START THE RECORDS
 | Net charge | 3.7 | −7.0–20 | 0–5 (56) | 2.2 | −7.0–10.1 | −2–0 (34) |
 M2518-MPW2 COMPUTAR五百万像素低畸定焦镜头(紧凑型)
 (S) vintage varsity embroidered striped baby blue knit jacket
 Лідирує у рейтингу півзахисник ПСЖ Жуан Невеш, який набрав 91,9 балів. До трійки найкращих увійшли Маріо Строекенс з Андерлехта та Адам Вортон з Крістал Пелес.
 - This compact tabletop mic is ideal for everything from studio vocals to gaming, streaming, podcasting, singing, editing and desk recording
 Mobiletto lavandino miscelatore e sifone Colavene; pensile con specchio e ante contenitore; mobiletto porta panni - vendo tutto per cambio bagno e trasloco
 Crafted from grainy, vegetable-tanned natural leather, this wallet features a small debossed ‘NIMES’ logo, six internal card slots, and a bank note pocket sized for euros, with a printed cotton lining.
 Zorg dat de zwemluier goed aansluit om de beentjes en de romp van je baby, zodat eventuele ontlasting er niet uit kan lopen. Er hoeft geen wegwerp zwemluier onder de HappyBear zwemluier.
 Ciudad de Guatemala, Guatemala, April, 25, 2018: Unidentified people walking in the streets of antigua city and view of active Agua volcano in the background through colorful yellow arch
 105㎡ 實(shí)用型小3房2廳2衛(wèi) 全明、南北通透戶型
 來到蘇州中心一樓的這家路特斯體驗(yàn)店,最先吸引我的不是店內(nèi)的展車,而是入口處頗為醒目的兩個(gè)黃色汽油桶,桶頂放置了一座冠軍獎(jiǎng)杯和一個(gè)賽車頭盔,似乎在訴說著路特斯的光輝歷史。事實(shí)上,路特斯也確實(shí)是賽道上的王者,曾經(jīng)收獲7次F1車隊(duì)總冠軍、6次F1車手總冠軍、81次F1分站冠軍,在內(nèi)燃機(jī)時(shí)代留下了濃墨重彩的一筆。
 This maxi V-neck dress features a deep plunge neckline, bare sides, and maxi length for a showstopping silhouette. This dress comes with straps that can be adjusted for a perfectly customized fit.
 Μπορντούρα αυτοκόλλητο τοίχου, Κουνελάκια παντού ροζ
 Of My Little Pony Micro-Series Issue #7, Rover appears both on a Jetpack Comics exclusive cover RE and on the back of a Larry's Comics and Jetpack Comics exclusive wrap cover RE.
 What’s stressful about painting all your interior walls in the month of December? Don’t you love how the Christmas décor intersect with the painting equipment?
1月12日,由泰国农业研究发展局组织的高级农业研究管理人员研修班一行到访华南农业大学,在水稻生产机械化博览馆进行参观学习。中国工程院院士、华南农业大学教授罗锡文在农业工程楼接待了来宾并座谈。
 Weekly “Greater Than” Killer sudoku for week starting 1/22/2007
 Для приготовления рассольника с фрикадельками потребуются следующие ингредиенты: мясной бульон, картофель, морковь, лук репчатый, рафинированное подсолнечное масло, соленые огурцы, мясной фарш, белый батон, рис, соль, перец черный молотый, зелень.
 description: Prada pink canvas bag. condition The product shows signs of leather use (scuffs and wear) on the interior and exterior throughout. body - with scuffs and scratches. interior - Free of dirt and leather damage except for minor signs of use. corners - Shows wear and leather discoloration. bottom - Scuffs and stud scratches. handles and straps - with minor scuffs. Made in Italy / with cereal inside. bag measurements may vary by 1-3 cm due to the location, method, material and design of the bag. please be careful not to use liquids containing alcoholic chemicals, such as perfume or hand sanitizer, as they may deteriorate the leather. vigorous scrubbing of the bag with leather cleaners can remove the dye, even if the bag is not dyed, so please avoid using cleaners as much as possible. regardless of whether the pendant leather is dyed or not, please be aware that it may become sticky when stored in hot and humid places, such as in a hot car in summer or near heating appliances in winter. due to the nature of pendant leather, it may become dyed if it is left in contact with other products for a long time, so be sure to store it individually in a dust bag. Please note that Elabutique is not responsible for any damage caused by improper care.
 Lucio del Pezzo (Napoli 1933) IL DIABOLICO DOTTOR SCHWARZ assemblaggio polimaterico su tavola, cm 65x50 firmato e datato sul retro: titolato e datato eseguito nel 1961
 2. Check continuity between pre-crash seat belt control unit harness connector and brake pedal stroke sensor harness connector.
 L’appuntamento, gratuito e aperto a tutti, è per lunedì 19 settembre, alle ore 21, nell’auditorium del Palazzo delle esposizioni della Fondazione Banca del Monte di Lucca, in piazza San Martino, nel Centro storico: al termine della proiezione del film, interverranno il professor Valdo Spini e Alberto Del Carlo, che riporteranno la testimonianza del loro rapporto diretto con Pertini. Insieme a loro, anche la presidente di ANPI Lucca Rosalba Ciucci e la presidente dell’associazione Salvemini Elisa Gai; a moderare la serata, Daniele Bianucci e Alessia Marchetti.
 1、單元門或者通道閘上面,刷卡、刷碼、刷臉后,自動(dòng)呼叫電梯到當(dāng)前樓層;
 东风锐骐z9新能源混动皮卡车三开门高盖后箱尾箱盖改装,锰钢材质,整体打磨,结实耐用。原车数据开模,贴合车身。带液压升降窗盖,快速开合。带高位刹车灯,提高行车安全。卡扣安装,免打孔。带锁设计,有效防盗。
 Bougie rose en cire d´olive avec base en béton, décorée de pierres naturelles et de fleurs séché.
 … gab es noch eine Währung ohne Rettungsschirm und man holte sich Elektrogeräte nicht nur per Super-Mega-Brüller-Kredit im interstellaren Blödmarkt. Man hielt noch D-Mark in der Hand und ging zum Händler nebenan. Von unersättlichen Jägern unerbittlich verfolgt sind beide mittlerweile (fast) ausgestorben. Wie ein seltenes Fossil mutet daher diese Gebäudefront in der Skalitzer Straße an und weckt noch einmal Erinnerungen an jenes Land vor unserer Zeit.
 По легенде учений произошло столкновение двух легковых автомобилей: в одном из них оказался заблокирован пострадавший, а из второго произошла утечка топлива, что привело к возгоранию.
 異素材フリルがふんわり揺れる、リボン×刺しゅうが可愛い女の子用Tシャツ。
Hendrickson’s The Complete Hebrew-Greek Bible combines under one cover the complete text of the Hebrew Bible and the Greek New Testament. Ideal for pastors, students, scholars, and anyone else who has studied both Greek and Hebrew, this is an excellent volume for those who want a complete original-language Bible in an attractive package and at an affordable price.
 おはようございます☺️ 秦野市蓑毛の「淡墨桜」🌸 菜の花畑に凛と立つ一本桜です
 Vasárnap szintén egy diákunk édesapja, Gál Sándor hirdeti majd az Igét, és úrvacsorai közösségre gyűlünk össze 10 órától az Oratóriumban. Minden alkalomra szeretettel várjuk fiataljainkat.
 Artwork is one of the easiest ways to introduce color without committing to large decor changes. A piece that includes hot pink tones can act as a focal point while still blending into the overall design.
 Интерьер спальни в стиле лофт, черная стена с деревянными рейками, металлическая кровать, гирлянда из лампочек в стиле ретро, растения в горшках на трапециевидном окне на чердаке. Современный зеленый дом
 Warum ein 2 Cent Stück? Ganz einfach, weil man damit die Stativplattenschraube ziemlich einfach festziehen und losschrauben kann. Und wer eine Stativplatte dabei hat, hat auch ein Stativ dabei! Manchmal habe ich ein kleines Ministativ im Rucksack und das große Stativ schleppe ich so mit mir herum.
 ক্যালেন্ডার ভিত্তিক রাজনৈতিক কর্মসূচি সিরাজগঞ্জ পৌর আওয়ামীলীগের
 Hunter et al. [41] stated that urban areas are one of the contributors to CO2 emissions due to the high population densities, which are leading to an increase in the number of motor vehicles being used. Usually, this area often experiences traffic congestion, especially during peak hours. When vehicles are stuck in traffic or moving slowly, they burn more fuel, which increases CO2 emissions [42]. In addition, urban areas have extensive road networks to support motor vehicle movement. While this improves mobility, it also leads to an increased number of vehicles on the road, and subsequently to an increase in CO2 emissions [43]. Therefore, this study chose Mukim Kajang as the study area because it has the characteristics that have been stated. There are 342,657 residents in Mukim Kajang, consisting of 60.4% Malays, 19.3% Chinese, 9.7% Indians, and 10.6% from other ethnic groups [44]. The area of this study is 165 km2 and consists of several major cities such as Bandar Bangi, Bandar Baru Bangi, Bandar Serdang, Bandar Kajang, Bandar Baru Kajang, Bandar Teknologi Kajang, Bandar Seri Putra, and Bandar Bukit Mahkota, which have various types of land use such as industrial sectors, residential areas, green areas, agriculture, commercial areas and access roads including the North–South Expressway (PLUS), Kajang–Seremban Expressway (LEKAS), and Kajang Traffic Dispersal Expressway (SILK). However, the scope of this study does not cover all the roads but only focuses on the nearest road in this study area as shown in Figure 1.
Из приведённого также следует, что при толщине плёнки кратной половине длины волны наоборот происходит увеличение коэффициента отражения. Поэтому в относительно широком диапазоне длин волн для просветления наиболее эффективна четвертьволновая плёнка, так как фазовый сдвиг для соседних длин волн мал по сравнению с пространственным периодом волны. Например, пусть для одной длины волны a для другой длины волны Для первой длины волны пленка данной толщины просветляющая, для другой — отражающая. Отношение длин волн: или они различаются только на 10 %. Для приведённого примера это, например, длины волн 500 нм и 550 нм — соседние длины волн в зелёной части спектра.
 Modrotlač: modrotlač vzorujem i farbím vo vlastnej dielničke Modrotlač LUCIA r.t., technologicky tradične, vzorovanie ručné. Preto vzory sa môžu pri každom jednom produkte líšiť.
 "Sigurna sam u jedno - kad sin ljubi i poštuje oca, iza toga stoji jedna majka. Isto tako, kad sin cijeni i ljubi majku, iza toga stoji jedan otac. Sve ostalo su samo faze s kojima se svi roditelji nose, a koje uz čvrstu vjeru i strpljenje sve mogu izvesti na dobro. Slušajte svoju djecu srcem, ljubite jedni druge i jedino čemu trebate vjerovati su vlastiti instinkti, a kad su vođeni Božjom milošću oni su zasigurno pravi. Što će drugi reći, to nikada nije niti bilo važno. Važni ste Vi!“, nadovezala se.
END THE RECORDS
WHAT NEEDS TO BE DONE:
From the records above, determine how many lines hold "features" and give only that number.

RESPONSE:
2